Die geheimen Pläne zur systematischen Überwachung sozialer Netzwerke, die nach und nach umgesetzt werden, enthüllte 2015 das Internet-Magazin „Netzpolitik.org“9. Daraufhin überzog der Generalbundesanwalt die verantwortlichen Journalisten mit strafrechtlichen Ermittlungen wegen angeblichen „Landesverrats“ – veranlasst durch eine Strafanzeige des BfV-Präsidenten Hans-Georg Maaßen, den es wurmte, dass seine prekären Aufrüstungsmaßnahmen nun der demokratischen Öffentlichkeit bekannt wurden. Nach heftigen öffentlichen Prote­sten gegen diesen Angriff auf die Pressefreiheit mussten die Ermittlungsverfahren wieder eingestellt werden und Generalbundesanwalt Harald Range musste seinen Hut nehmen10. Die Anstiftung durch Herrn Maaßen blieb folgenlos.
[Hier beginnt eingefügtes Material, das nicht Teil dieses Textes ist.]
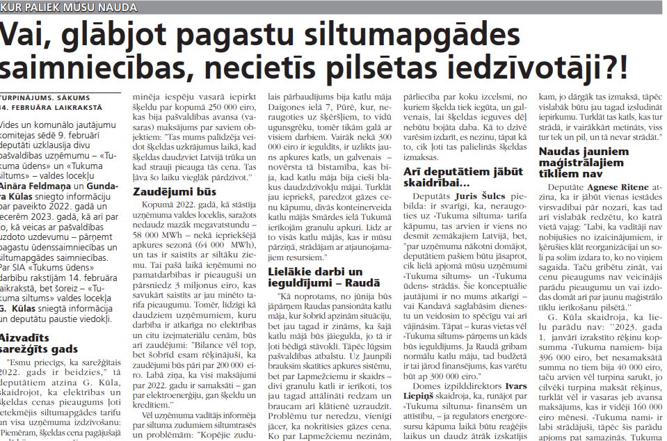 I. Liepiņš skaidroja, ka pašvaldības uzņēmums «Krants» visus ieguldījumus spēj veikt no uzņēmuma līdzekļiem, grāmatvedis turpina strādāt, un pašvaldības Audita nodaļa palīdz, bet Juridiskā nodaļa strādā pie reorganizācijas plāna: “No pagājušās nedēļas ir valdes loceklis (Dzintars Rušmanis, SIA «Kandavas komunālie pakalpojumi» valdes loceklis. – Red.), kas šo darbu koordinēs līdz uzņēmuma sadalīšanai, par ko jau esam lēmuši. Kas attiecas uz «Tukuma ūdeni», uzņēmumam ir jāaudzē sava kapacitāte – būs vajadzīgi speciālisti, tehniskais personāls, tomēr mēs uzskatām – ja uzņēmums saņem jaunus klientus, kas savukārt nodrošina kapitālsabiedrības attīstību un peļņu, papildus finansējums tam nav nepieciešams.”G. Cīrule iebilda, ka, pieņemot darbā jaunus darbiniekus, viņu atalgojums tarifā nebūs iekļauts, bet izmaksas uzņēmumam radīsies – kas tās segs?! Deputāts Juris Šulcs, piekrītot G. Cīrules viedoklim, atzina – ja pašvaldība uzdod kaut ko darīt, tad pašiem jābūt atbildīgiem par to, kā šis darbs tiks veikts: “Manā skatījumā ir nepareizi, ka mēs uzdodam darīt reālus darbus, bet līdzi nedodam ne santīmu. Patiesībā tas nozīmē, ka Tukuma pilsētas iedzīvotāji visu to apmaksā. Ja ir darbi, kas prasa naudu, tie ir jāfinansē, un tad var rēķināt vienotu tarifu, bet ja nē – aicināšu diskutēt par dalīto tarifu, jo tukumniekiem nav jāfinansē ieguldījumi pagastos!” I. Liepiņš skaidroja, ka šobrīd tas ir darbinieku un laika resurss, jo visu pārējo «Krants» sedz no saviem līdzekļiem, bet – ja būs kapitālieguldījumi, tie ir jāatmaksā. J. Šulcs iebilda: ”Milzkalnē, kā tikko dzirdēts, jau tagad ir veikti lieli ieguldījumi, taču izskatās, ka mums ir vienalga, kur uzņēmums tam ņem naudu, bet tā nedrīkst – lēmuma pieņēmēja ir atbildīgs par funkciju izpildi un finansējumu!” G. Važa atzina, ka Milzkalnes saimniecība iepriekš bijusi privātās rokās, tāpēc tur pašvaldībai ietekmes nebija, bet ja Milzkalnē ir ieguldījumi, tie jāsedz no Smārdes pagasta pārvaldes budžeta. Rezumējot, kā atzina komitejas priekšsēdētājs Mārtiņš Limanskis, pašvaldībai stāv priekšā liels darbs, lai sakārtotu to, kas ir sakārtojams šajā jomā, un lai tiktu ievērotas vides prasības, piemēram, attiecībā uz Lapmežciemu.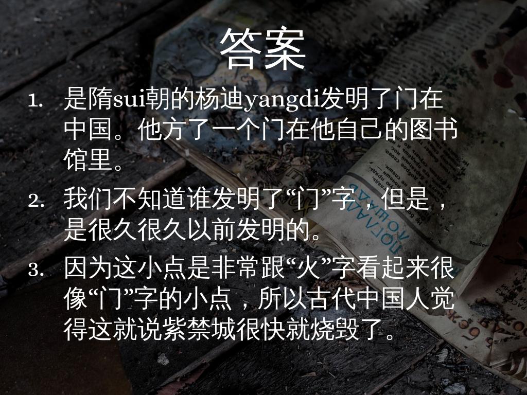 • 是隋sui朝的杨迪yangdi发明了门在中国。他方了一个门在他自己的图书馆里。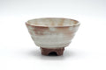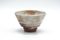 This wonderful Hagi-yaki chawan (matcha bowl) features a spiraling body glazed with beige and pink gohonte spots.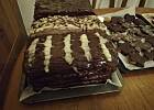 2.delicje pomarańczowe luźno ułożone, zasypane grubo mieszanką zmielonych orzechów, migdałów, groszków czekoladowych, budyniem czekoladowym i zalane sokiem pomarańczowym.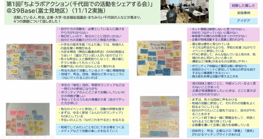 地域の課題の詳細は、「千代田での活動をシェアする会」のレポートにも掲載しています。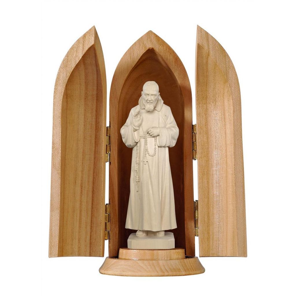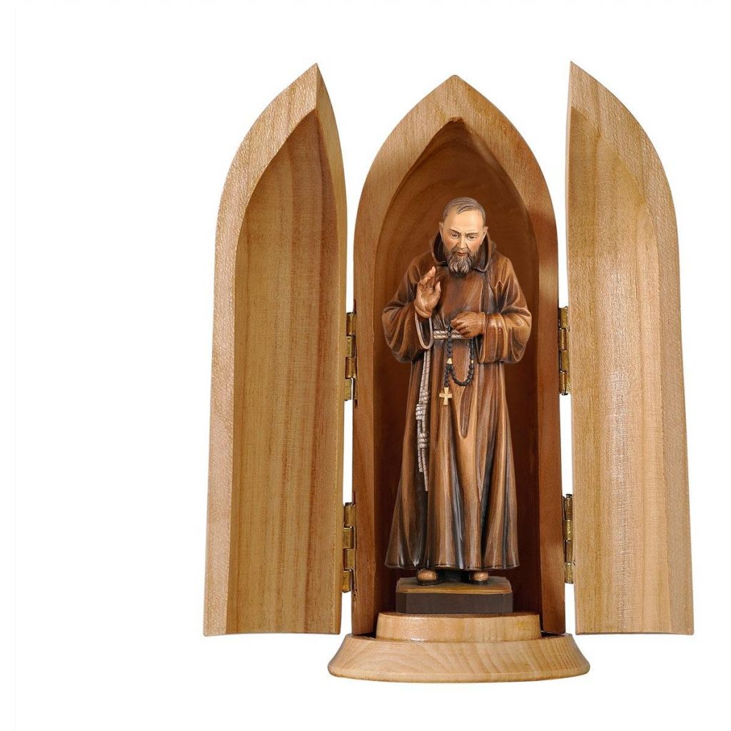 Drevená socha Pátera Pia v kaplnke je nádherne vyrezaná z javorového dreva, ručne maľovaná jemnými olejovými farbami a zlátená plátkovým zlatom.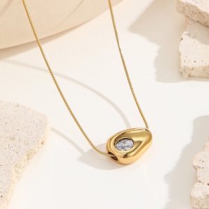 Κολιέ Πέτρα ατσάλι 316L, αλυσίδα με τυρκουάζ δόντι και κρυσταλλάκια σε χρώμα Χρυσαφί, Μήκος 40cm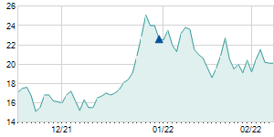 | 1/26/2018 | -1.00 / -4.44% | 21.20 | 21.90 | 21.00 | 21.50 | 21.34 | 18.57 | 343,000 |   |
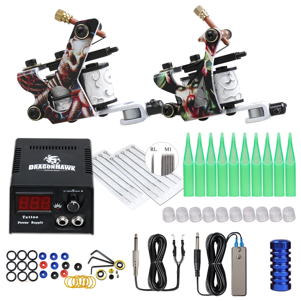 Special Offer Beginner Compleet Tattoo Kit 2 Machine Guns Voeding Naalden Grip Tip Set Discount 31% Today!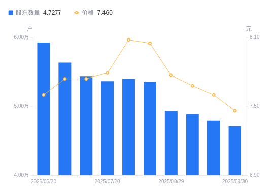 近一年(2024年9月30日至2025年9月30日),鲁北化工A股股东户数从5.99万户,减低至4.72万户,降幅21.31%,区间股价上涨11.68%。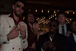 体育资讯8月12日讯 据雷霆媒体SkyedOKC报道,切特-霍姆格伦参加队友卡鲁索婚礼上的奇葩着装遭全网群嘲,这位雷霆新星穿着明显不太得体。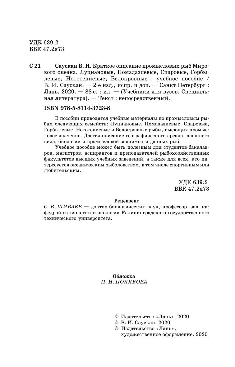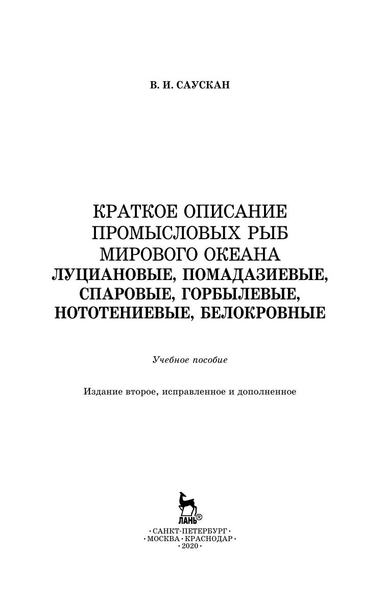 В пособии приводятся учебные материалы по промысловым рыбам следующих семейств: Луциановые, Помадазиевые, Спаровые, Горбылевые, Нототениевые и Белокровные рыбы, имеющих промысловое значение. Дается описание географического ареала, внешнего вида, биологии и промысловой значимости данных рыб.
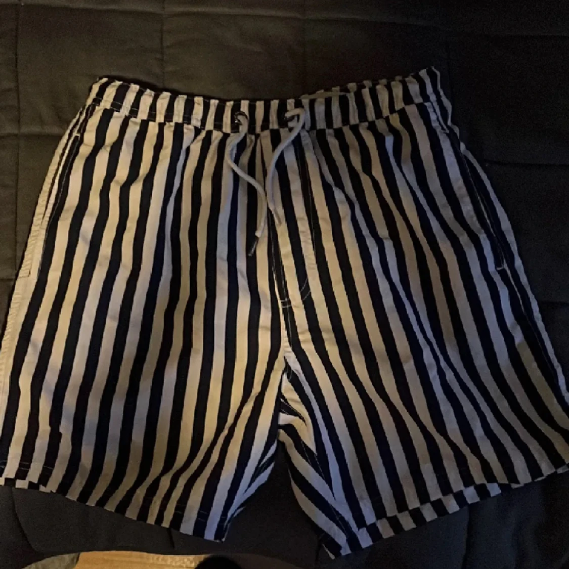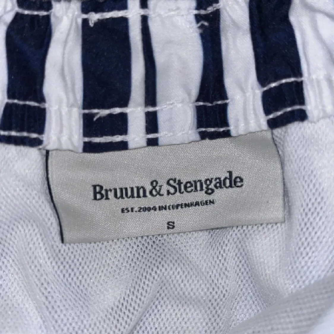 Säljer mina blåvit randiga badbyxor från trendiga märket Bruun & Stengade. De är helt oanvända, köpte under våren och hann bli försmå till sommaren. Storlek S Nypris 400:-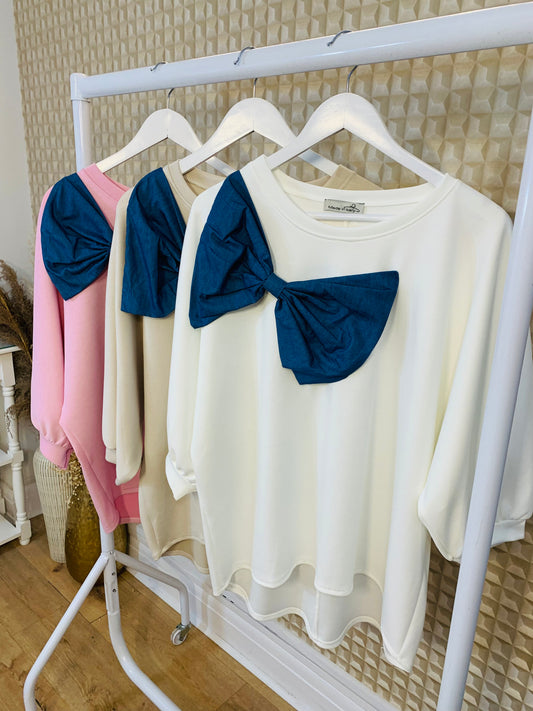 Denim Bow Sweatshirt

Sozialverträgliche Auflösung im Interesse von Demokratie und Bürgerrechten

Die skizzierte Aufrüstungsreform des „Verfassungsschutzes“ wird dem fundamentalen Problem von Geheimdiensten in einer Demokratie keineswegs gerecht. Denn mit den erweiterten technologischen Möglichkeiten des digitalen Zeitalters werden diese demokratiewidrigen Geheimsysteme befähigt, Gesellschaft und Demokratie auf immer aggressivere Weise zu durchdringen und zu unterminieren. Da keine Reform des „Verfassungsschutzes“ das Problem von Geheimdiensten in einer Demokratie lösen kann, solange sie die Geheimsubstanz und das unkontrollierbare V-Leute-Unwesen unangetastet lässt, besteht die einzig funktionierende demokratische Kontrolle von Geheimdiensten darin, diesen undurchsichtigen und übergriffigen Überwachungs- und Datenkraken das klandestine Handwerk zu legen.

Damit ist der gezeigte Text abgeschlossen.